The Evolution of Vehicle Telematics: How we Got to Now

Telematics – the remote monitoring and collection of vehicle data – is nothing new. Through the use of location, speed, and engine computer data, telematics helps to reduce fuel and maintenance costs, improve coordination and scheduling, and helps with safety and compliance. With all these great benefits, what took so long for this technology to arrive? Public Global Positioning System (GPS) and commercial vehicle navigation systems have been around since the 1980’s.  However, modern telematics includes much more than these early location tracking systems. How did we get to telematics today? Let’s take a look at how the convergent evolution of GPS, vehicle On-board Diagnostic (OBD) systems, and wireless networks have come together to form modern telematics.

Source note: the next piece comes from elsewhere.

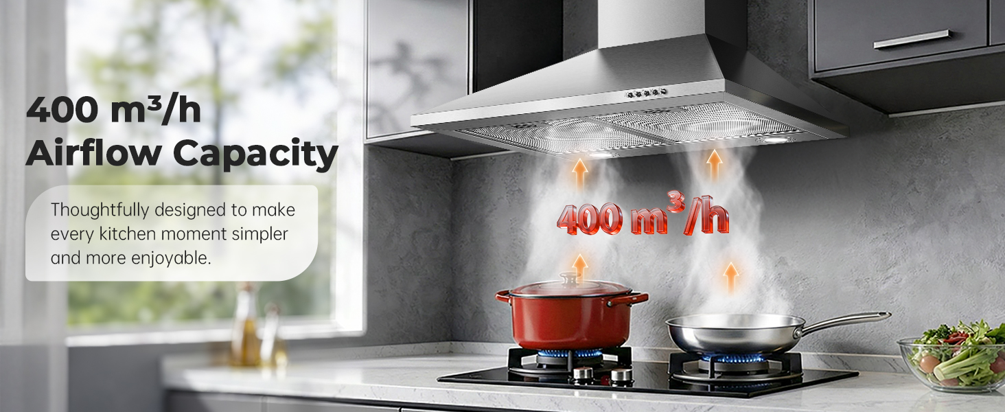 - Powerful & Quiet 400 m³/h Extraction: Equipped with a high-performance DC motor, this 60cm kitchen extractor hood delivers a strong 400 m³/h airflow to effectively capture smoke, grease, and cooking odors. Its advanced engineering ensures quiet operation, creating a more pleasant cooking environment.

The roots of telematics started with vehicle location tracking. The GPS network of satellites started as a military project in the 1960’s with growing precision as the technology improved and more satellites were added.  Though the initial commercial use case was airline navigation, other applications quickly emerged.

On-board Diagnostics

Location is one thing, but telematics also involves the transmission of other kinds of vehicle data. Engines are incredibly complex systems. Over time they have made growing use of electronic sensors and computer systems to coordinate various sub-systems and optimize performance.  This data can also be used to identify when something is wrong.

Wouldn’t it be nice if vehicles had a simple interface to give you all the data they have? That’s exactly what On-board Diagnostics (OBD) systems do. OBD systems interface with the vehicle’s built-in sensor systems to report on vehicle status and problems. Initially these systems had proprietary interfaces that could only be read with specialized equipment from the vehicle manufacturer. This data was great for repair technicians, but the many different interfaces and data formats left the market created a fragmented market. In an effort to help reduce emissions through standardized reporting, the state of California started to push the industry toward a single specification. In 1996, a standard system, called OBD-II, was mandated for all cars manufactured in the United States, creating a market for interfacing with these systems. OBD-II included the SAE J1962 connector that is still in common use for passenger vehicles today. Similar systems were later required for some commercial vehicles as part of Heavy Duty On-board Diagnostic (HDOBD) specifications   These systems evolved from providing simple “check engine” messages to supporting dozens of sensors or more with detailed diagnostic information that includes everything from fuel usage rates to cylinder misfires.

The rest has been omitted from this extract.